Challenges in Detection and Prevention: Current AI technology can generate text that closely mimics the style and structure of human-written reviews, making it challenging to develop automated detection mechanisms. While there are ongoing efforts to create algorithms to detect fake reviews, the continuous evolution of AI-generated content poses a significant challenge in staying ahead of such misuse.

Preventing Abuse and Ensuring Ethical Use

Given the ethical concerns related to the abuse of AI-generated reviews, it is critical to implement strategies and safeguards to mitigate these risks. The heptagon shown in Figure 10 presents seven suggested ways to ensure that AI-generated data is not leaked or misused:

A.: Data Access Control and Restriction:

To prevent the unauthorized use of AI-generated content, it is important to implement strict access control mechanisms. Only authorized individuals involved in the research or application should have access to the models and the generated data. Access can be restricted through role-based permissions and secure authentication protocols. By limiting access, the risk of misuse or leakage is minimized.

B.: Transparency and Disclosure Requirements:

AI-generated reviews should be transparently labeled as such. Platforms can implement policies requiring disclosure when content is generated by AI to maintain consumer awareness and trust. This allows consumers to differentiate between human-authored reviews and AI-generated content, preventing deception. Additionally, research and development in this area should be openly communicated to ensure stakeholders are aware of the potential implications of the technology.

C.: Ethical AI Guidelines and Compliance:

Research projects involving AI-generated content should comply with ethical guidelines that prioritize the responsible development and use of AI technologies. This includes adhering to principles such as fairness, accountability, and transparency. Ethical AI frameworks can provide a foundation for ensuring that AI models are used responsibly and that potential harms are minimized.
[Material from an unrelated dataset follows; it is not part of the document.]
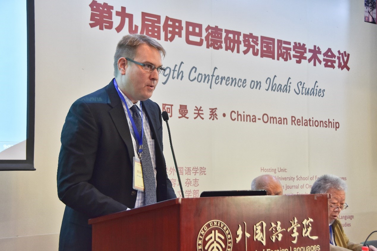 9月18日下午会议的第一时段以“中国、阿曼与世界(三)”为议题,由亚当·盖瑟教授主持。加拿大达尔豪斯大学历史系副教授艾玛尔·加扎尔以“教令、诗歌与谜语:17世纪中国伊巴德穆斯林”为题进行演讲,通过讲述不同信仰、不同民族的男女通婚后出现的种种怪诞现象,揭示了17世纪在中国乃至世界出现的不同文化、不同宗教之间的冲突。北京大学哲学系沙宗平教授以“2007-2016中国和阿曼友好关系一瞥”为题进行演讲,分析了中国和阿曼在科技互动、政治互访、经济互通等领域实现的具有建设性的友好合作。意大利圣心天主教大学历史系教授比阿特丽斯·尼科利尼以“瓜达尔:阿曼苏丹的飞地及其与亚洲的联系”为题发表演讲,指出瓜达尔港对于“中巴经济走廊”的建设有不可替代的意义,在历史上,它先后成为多个国家在重要飞地,将对亚洲未来的发展有深刻的意义。

D.: Watermarking and Traceability of AI-Generated Content:

To prevent the misuse of AI-generated reviews, watermarking or embedding traceable metadata within the generated content can be employed. This allows for the origin of the content to be tracked and verified, ensuring that if AI-generated reviews are misused, they can be traced back to their source. This method of traceability ensures accountability and helps mitigate the risk of abuse.
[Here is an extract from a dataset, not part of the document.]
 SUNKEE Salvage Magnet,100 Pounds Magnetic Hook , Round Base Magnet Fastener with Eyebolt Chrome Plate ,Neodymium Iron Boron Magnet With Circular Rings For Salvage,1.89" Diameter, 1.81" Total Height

E.: Collaboration with Regulatory Bodies:

Working closely with regulatory authorities and consumer protection agencies can help create guidelines and standards for the ethical use of AI in review generation. Collaborative efforts can result in more robust policies to prevent the spread of misleading AI-generated content while ensuring accountability in its deployment.

F.: Audit Mechanisms and Monitoring:

Regular audits and monitoring of AI-generated data should be conducted to ensure that the technology is being used appropriately and ethically. Auditing mechanisms should be in place to identify any signs of data leakage or misuse. Additionally, monitoring tools can help detect abnormal patterns in AI-generated reviews, allowing for timely interventions if unethical behavior is identified.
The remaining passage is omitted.